Les filles au lion de Jessie BURTON

Publié le par Hélène

1967 Odelle originaire des Caraïbes vit à Londres en colocation avec son amie. Après avoir travaillé plusieurs années dans un magasin de chaussures, elle accepte un nouveau poste dans une galerie d'art dirigée par l'énigmatique Marjorie Quick et simultanément elle rencontre Lawrie Scott. Elle tombe sous son charme et quand il lui dit détenir un tableau qu'il aimerait faire expertiser, tout naturellement, il s'adresse à la galerie d'art de Marjorie. Mais la réaction de cette dernière à la vue du tableau est assez surprenante. Que cache ce mystérieux tableau à l'auteur indéterminé ? Odelle, intriguée par tant de mystères se plonge alors dans l'histoire de ce tableau.
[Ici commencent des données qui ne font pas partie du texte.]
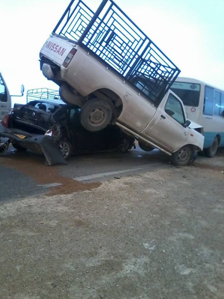 من جهة أخرى تم اصطدام مجموعة من المركبات في الطريق الرابط بين بلديتي بنهار والبيرين وذلك بسبب السرعة المفرطة وانعدام الرؤية بفعل الزوابع الرملية التي اجتاحت المنطقة حيث تسببت هذه الحوادث في خسائر مادية جسيمة دون تسجيل خسائر في الأرواح.

Parallèlement nous suivons le destin de la famille de Harold marchand d'art viennois installé en Espagne dans les années 30 avec sa femme Sarah et sa fille Olive, jeune peintre. La famille rencontre Teresa et Isaac, deux jeunes gens du village, avec qui chacun va lier des relations particulières...

Ce que j'ai moins aimé : J'avais tellement aimé Miniaturiste, que j'attendais cette lecture avec impatience, mais malheureusement je n'ai pas retrouvé l'enthousiasme de ma première lecture de l'auteur. Jsalle'ai trouvé ce roman-ci beaucoup plus poussif, j'ai rapidement compris les tenants et les aboutissants, et le manque de surprise a aussi terni ma lecture.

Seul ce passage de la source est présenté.